翻訳How To本が多く出ている。さっき見た本は、12700円、Amazonで売っていた。私が今訳しているRobert Gravesの本で日本語になっているものがあるが、5000円近くの値段。私は貧しいが、誰も彼もお金持ちなのかしら?と思う。Good-bye to All Thatの岩波の文庫本は300円から500円くらいで買える。品薄で少し高い。正価が幾らかは知らない。
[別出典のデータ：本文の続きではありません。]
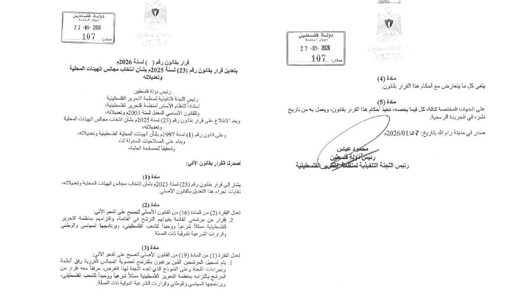 لجنة الانتخابات تتسلم تعديلا على قانون انتخاب الهيئات المحلية 2026
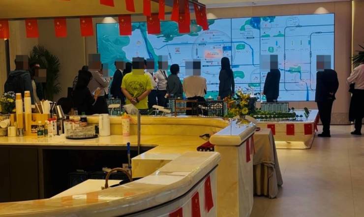 下午14:17,某新開盤項目售樓處到訪人員正在看沙盤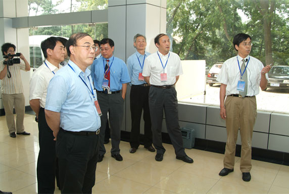 在我校“十五”“211工程”建设接受国家验收期间,以武汉大学校长刘经南院士为组长的专家验收组全体成员在张长宽校长、朱跃龙副校长的陪同下,考察了水文水资源与水利工程科学国家重点实验室。专家组听取了实验室常务副主任彭世彰教授的汇报,并观看了实验平台建设。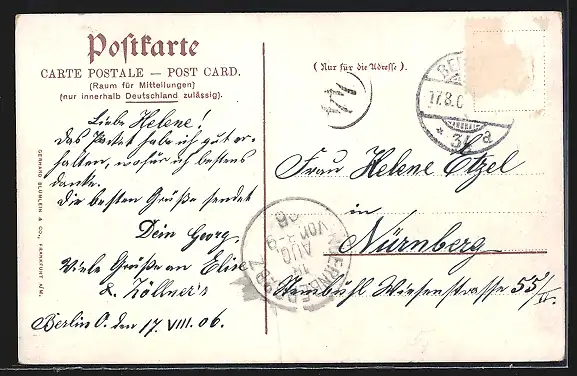 alte Ansichtskarte, gelaufen 1905, Briefmarke entfernt, guter Zustand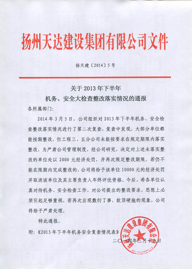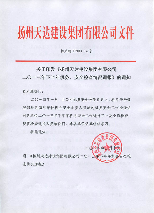 關(guān)于印發(fā)《揚(yáng)州天達(dá)建設(shè)集團(tuán)有限公司2013年下半年機(jī)務(wù)安全檢查情況通報(bào)》的通知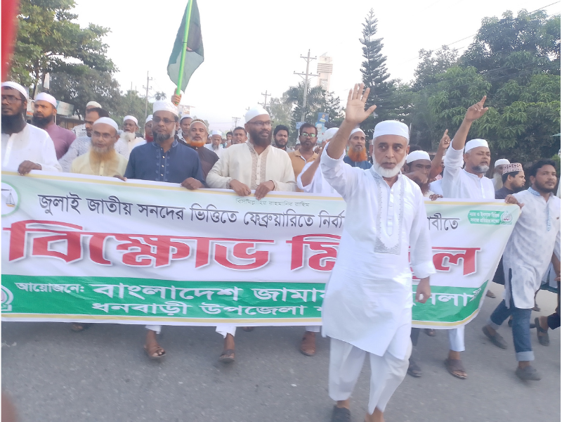 পিআর পদ্ধতিতে নির্বাচনসহ ৫ দফা দাবিতে কেন্দ্রীয় ঘোষিত কর্মসূচির অংশ হিসেবে বাংলাদেশ জামায়াতে ইসলামী ধনবাড়ি উপজেলা, পৌরসভা ও সাংগঠনিক উপজেলা শাখার যৌথ উদ্যোগে এক বিশাল বিক্ষোভ মিছিল অনুষ্ঠিত হয়েছে।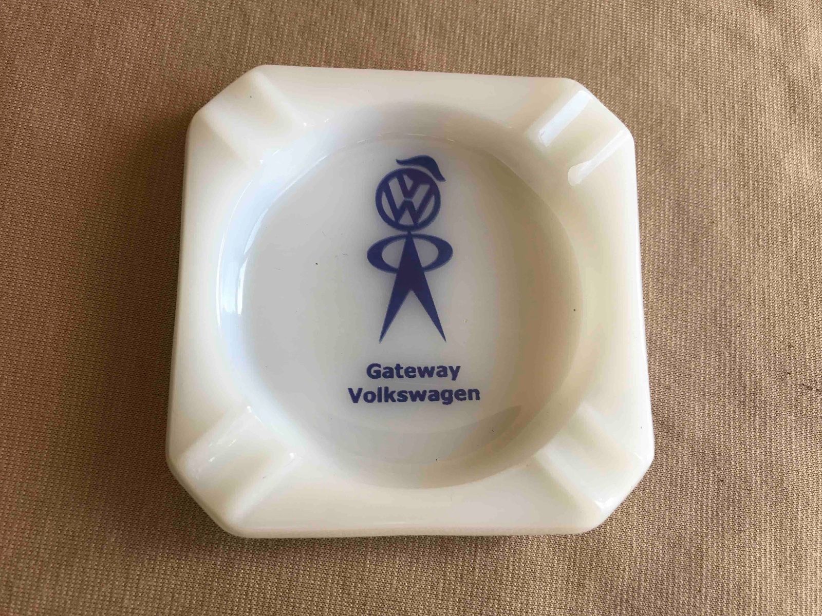 Title (ebay affiliate link): Old Milk Glass Promotional Advertising Ashtray Gateway Volkswagen VW St. Louis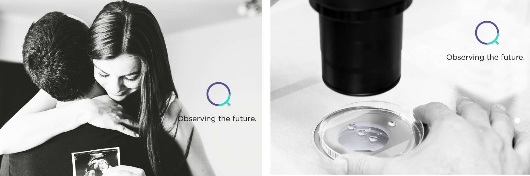 NotFromHere התמקדה באות ‘Q’ בלוגו. הטיפול הגרפי והטיפוגרפי והבחירה הצורנית של האות נועדו לספר את סיפור ההפריה החוץ גופית ולהפוך את האיקון והלוגו למשהו זכיר ומזוהה עם המותג/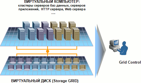 Рассмотрим эти тенденции подробнее. 1. Виртуализация ресурсов и GRID-технологииВ настоящее время в большинстве организаций для каждого приложения выделяется свой компьютер (группа компьютеров) и свой набор дисков для хранения БД. Как правило, эти компьютеры и диски различными приложениями совместно не используются. Поскольку в реальной жизни нагрузка на приложения постоянно изменяется, мы часто имеем ситуацию, когда одни компьютеры сильно перегружены, в то время как другие недогружены или простаивают. В одних системах есть запас дисков, а в других дискового пространства катастрофически не хватает. Однако, к сожалению, мы не можем оперативно перебрасывать дисковые и процессорные ресурсы туда, куда надо. Например, если в течение квартала идет большой поток транзакций, а в конце квартала он спадает, но начинает возрастать нагрузка на систему создания корпоративной отчетности, то мы вынуждены на обе системы держать максимальные вычислительные мощности. Система получается дорогой, избыточной, негибкой. Выходом является виртуализация ресурсов. При этом все диски центра обработки данных (ЦОД) объединяются в один большой виртуальный диск, на котором располагаются все данные всех приложений, и мы можем гибко на ходу увеличивать этот виртуальный диск, добавляя к нему новые физические диски, или легко отдавать место для хранения тем приложениям, которым оно сейчас необходимо. Та же картина и с процессорным ресурсом. Объединение множества компьютеров в один виртуальный компьютер, на котором одновременно работает множество приложений, мощность которого можно легко увеличивать, на лету добавляя новые компьютеры, и возможность перераспределения вычислительных ресурсов этого суперкомпьютера между приложениями по мере необходимости позволяют резко повысить гибкость вычислительной системы, снизить ее стоимость и увеличить эффективность использования оборудования. Примером такой виртуализации является Oracle GRID [10], где диски объединены в Storage Grid, а компьютеры в Database Grid – виртуальный сервер БД и Application Grid – виртуальный сервер приложений. Для управления таким множеством элементов используется ПО Grid Control, которое позволяет работать с множеством объектов как с единым целым (рис. 1). Если в качестве элементов GRID используются дешевые элементы (дешевые диски, обычные Intel компьютеры), то стоимость такой вычислительной среды намного меньше, чем при использовании традиционных архитектур. Поскольку элементы виртуального диска или виртуального компьютера взаимозаменяемы, то система также обладает повышенной надежностью и живучестью, т.к. выход из строя одного или нескольких элементов не приводит к остановке работы. Система просто сама автоматически переконфигурируется и продолжает работу. Такой подход очень привлекателен для организаций, он позволяет создавать вычислительный ресурс неограниченной мощности и не заботиться о том, на каких компьютерах реально работает ваше приложение. Главное – запросить и получить тот вычислительный ресурс, который вам сейчас нужен. Система сама выполнит балансировку нагрузки для вашего приложения, создаст, если надо, БД с учетом обеспечения зеркалирования данных и снижения нагрузки по вводу/выводу, задействует столько элементов GRID, сколько необходимо для обеспечения требуемой вам надежности и пр

本の値段は、出版社の思い通りにはならない。
翻訳家はたくさん仕事があって儲かりそうと思うかと言えば私は儲からないだろうなと思う。「AIで生成」して少し手直し、Netの翻訳関連に書き込むアルバイトもして、とはいえ文章は、誰にでも容易には書けない。役所のお知らせじゃない。英文科を出ても仕事はない、それなのにどっと押し掛ける。大学はあり過ぎるのに文部科学省は未だ認可を止めない。
英文科を出たのにという人を大量生産すると翻訳How To本が売れるのだろう。その考え方でやっているのに出版社は斜陽の日々に留まったまま。Amazonは世界中の本を出版し、世界中の本を均一化してしまう。それでも私は安物地獄に落ちて行きたい。
私は誰も聞いたことのない人の開いたことのない本を訳す。岩波という言葉も懐かしい。子供達は岩波の子供の本で育った。夫が全て買って来て私に渡した。松田道夫の「育児の百科」を隅から隅まで参考にして育てた。本は使い古して夫の妹にあげた。きっといらなかっただろうと思う。本屋にいた彼女は新しい松田道夫の「育児の百科」を持って来て私に見せた。私は何時だって時代遅れの幻や夢を生きたがる。
時代は移り変わり、私が思う子供の理想形はもう私の子供自身が破壊に継ぐ破壊をし尽くし、私は母親として生きる必要など全くなくなった。それは寂しいことではない。私自身の道を行けばいいだけ。世の中などもっと前に理想の子供の姿をすっかり歪めてしまった。